:: What the exercise asks ::
A complete answer retypes each of the records below precisely and includes none of the pictures.

:: Records to process ::
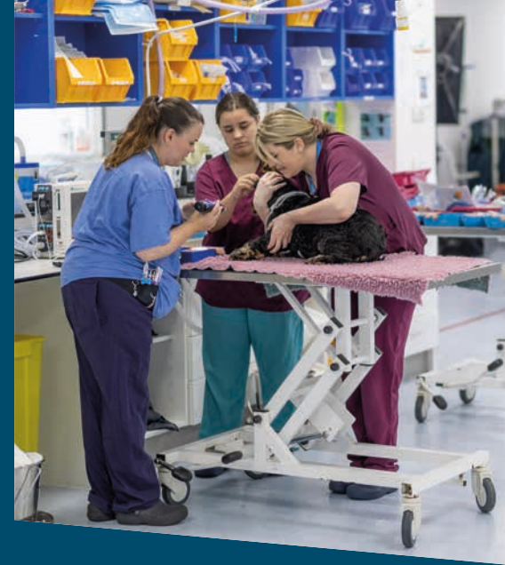
Veterinary students at Surrey Research Park

The anchor is the UK Government's Animal and Plant Health Agency which – following a £1.4 billion investment from the UK Government – is equipped with state-of-the-art laboratories and research facilities, enabling it to conduct advanced diagnostic testing and pioneering research.
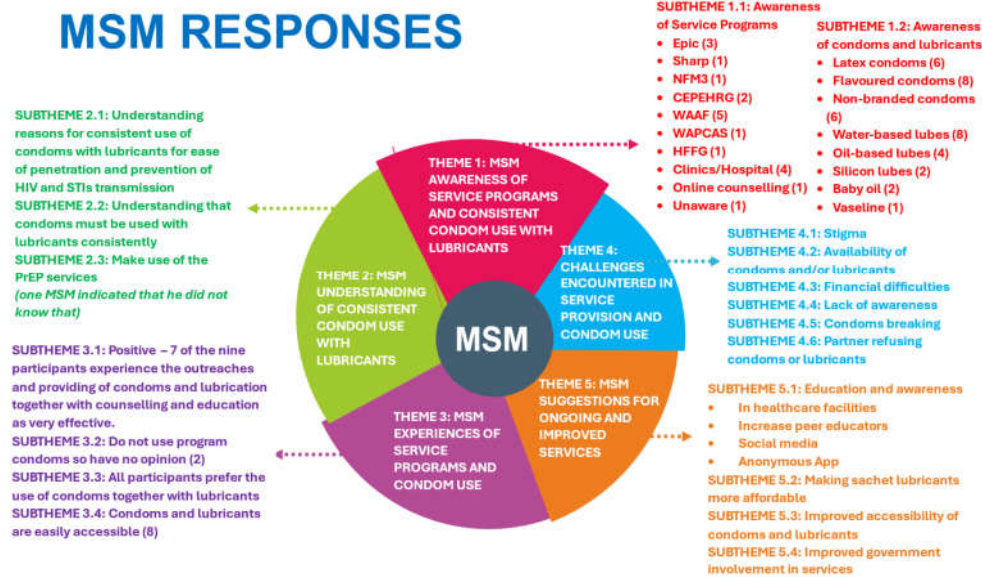
Figure 2. The MSM responses to interventions/programmes for consistent and correct use of condoms with condom-compatible lubricants.

Theme 1: MSM awareness of available services and consistent condom use with lubricants
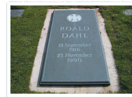
Roald Dahl's gravestone. Follow the BFG's footprints from the commemorative bench to find it.

8 There is evidence that there was a church on the site of the parish church of St Peter and St Paul as early as 1133. When Roald Dahl died in November 1990 he was buried here.
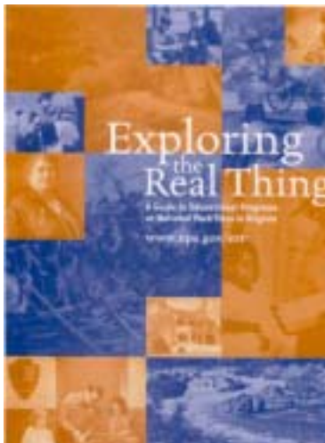
The cover of the new Virginia Teacher's Guide, Exploring the Real Thing .

BY PATRICE FERRELL, EDUCATION COORDINATOR
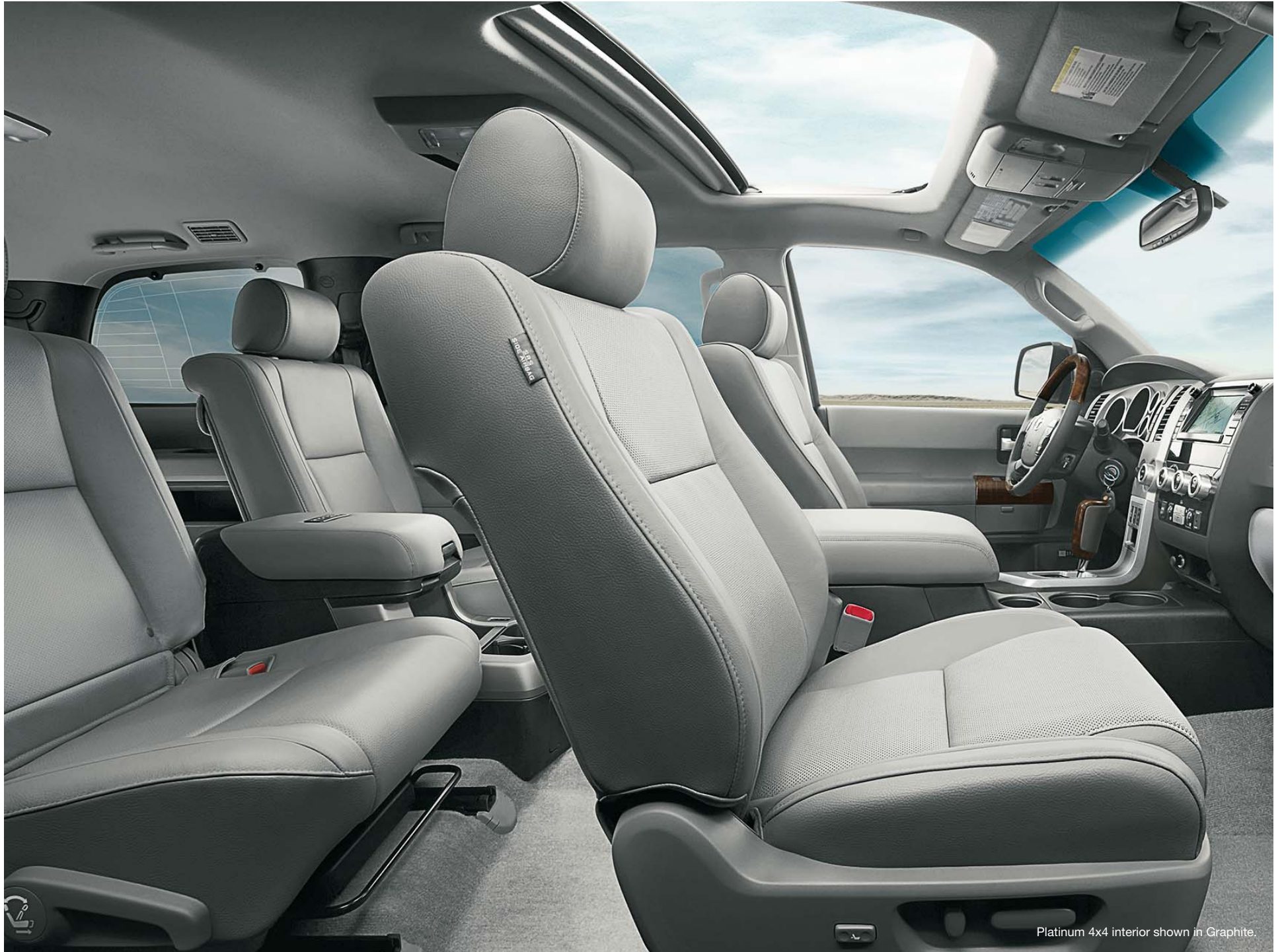
Platinum 4x4 interior shown in Graphite.

:: Response for this exercise ::
Veterinary students at Surrey Research Park

The anchor is the UK Government's Animal and Plant Health Agency which – following a £1.4 billion investment from the UK Government – is equipped with state-of-the-art laboratories and research facilities, enabling it to conduct advanced diagnostic testing and pioneering research.
Figure 2. The MSM responses to interventions/programmes for consistent and correct use of condoms with condom-compatible lubricants.

Theme 1: MSM awareness of available services and consistent condom use with lubricants
Roald Dahl's gravestone. Follow the BFG's footprints from the commemorative bench to find it.

8 There is evidence that there was a church on the site of the parish church of St Peter and St Paul as early as 1133. When Roald Dahl died in November 1990 he was buried here.
The cover of the new Virginia Teacher's Guide, Exploring the Real Thing .

BY PATRICE FERRELL, EDUCATION COORDINATOR
Platinum 4x4 interior shown in Graphite.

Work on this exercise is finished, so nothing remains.